The journey of documenting a Socket.IO API (Pt 2)

Dimitrios Dedoussis

·14 min read

This post originally appeared on https://dedouss.is

In the opening part of this series we outlined the basics of Socket.IO and discussed the importance of documenting Socket.IO APIs. Now it’s time to bring AsyncAPI into play.

In this post we’re going to cover:

Modelling the Socket.IO protocol using AsyncAPI

Don’t let the title of this section intimidate you. This modelling exercise ended up being relatively straightforward and I think it makes a great example of how AsyncAPI was designed to fit any event-driven protocol. If you are not interested in the thought process behind this exercise, you may jump straight to the Summary paragraph of this section, which presents the solution.

I will approach this problem by traversing the AsyncAPI object structure, attempting to map each of the objects to a semantic of the Socket.IO client API.

The root object of the specification is the AsyncAPI Object. The fields of this object that require special attention are channels and servers.

Channels

The Channels Object is a map structure that relates a channel path (relative URI) to a Channel Item Object.

1channels:
2  /: {} # Channel Item Object
3  /admin: {} # Channel Item Object

Channels are addressable components where messages/events flow through. The specification suggests that a server may support multiple channel instances enabling an application to separate its concerns. This sounds very much like the definition of the Socket.IO namespace. Namespaces are indeed addressable components that follow the relative URI convention.
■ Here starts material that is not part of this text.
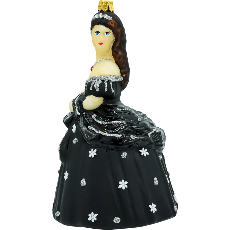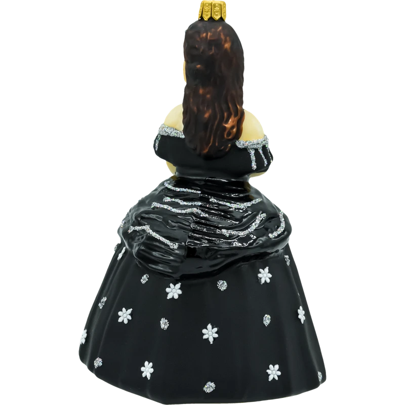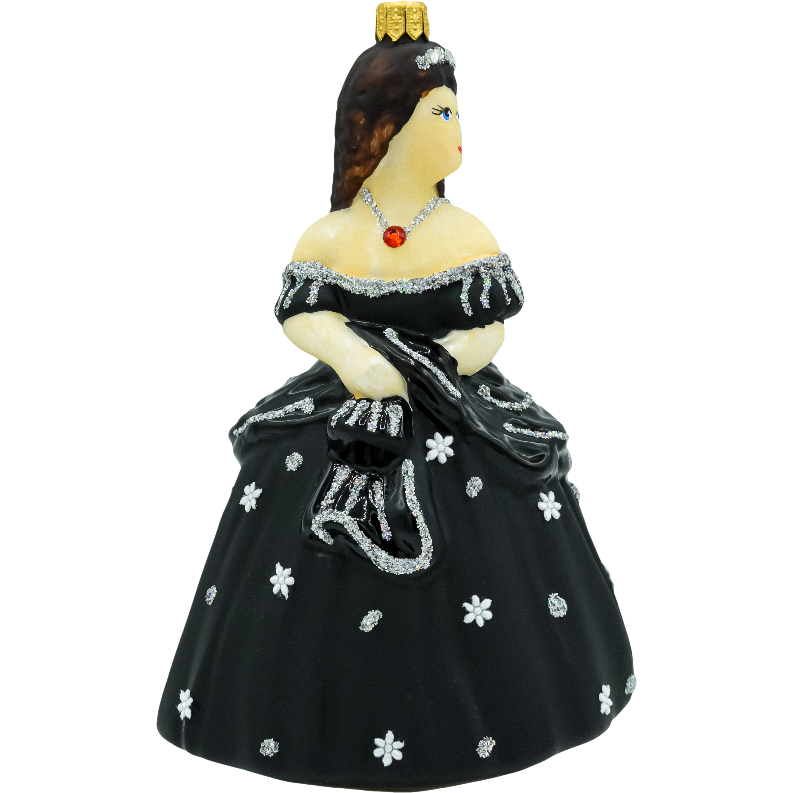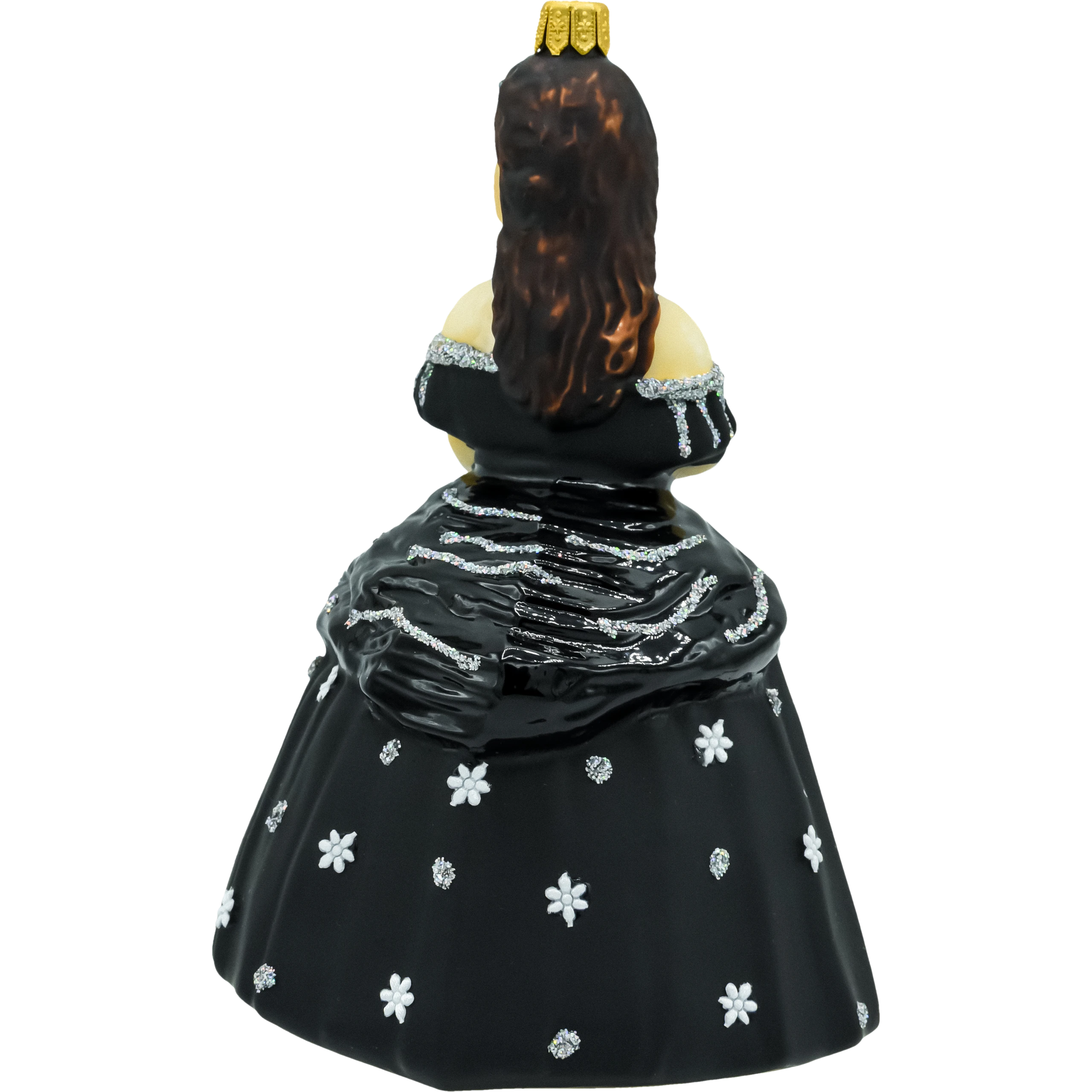 Szklana bombka figuratywna „Sisi” — dama w czarnej sukni ze srebrnym brokatem i czerwonym kamieniem na naszyjniku. Ręcznie malowana ozdoba choinkowa w stylu glamour, idealna jako prezent i do kolekcji premium. Świąteczna bombka, która doda choince klasy wiedeńskich salonów.

Since Socket.IO supports multiplexing, a client may emit messages to multiple namespaces over a single shared connection. However, it could also force a separate connection per namespace (using the forceNew option). Thus, a Socket.IO namespace could either be a virtual or physical channel.

Given that connections are established on the namespace level, the Channel Item Object is the only object of the specification that MAY include bindings. For a Socket.IO API, the Channel Bindings Object should only contain the ws field, in which one can specify the handshake context (HTTP headers and query params) that a client should provide when connecting to that particular channel/namespace.

1channels:
2  /:
3    publish: {} # Operation object - Ignore this for now
4    subscribe: {} # Operation object - Ignore this for now
5    bindings:
6      ws:
7        query:
8          type: object
9          properties:
10            token:
11              type: string
12          required: [token]

Since a single connection (and thus binding) is going to be used across multiple channels, there is no need to repeat the same bindings object under each channel/namespace. We can introduce the convention of always including bindings under the main (/) namespace but omitting them under the custom ones. At this point I would also like to propose the following bonus semantic: If a custom namespace includes bindings, then the client should always force a new connection when connecting to it.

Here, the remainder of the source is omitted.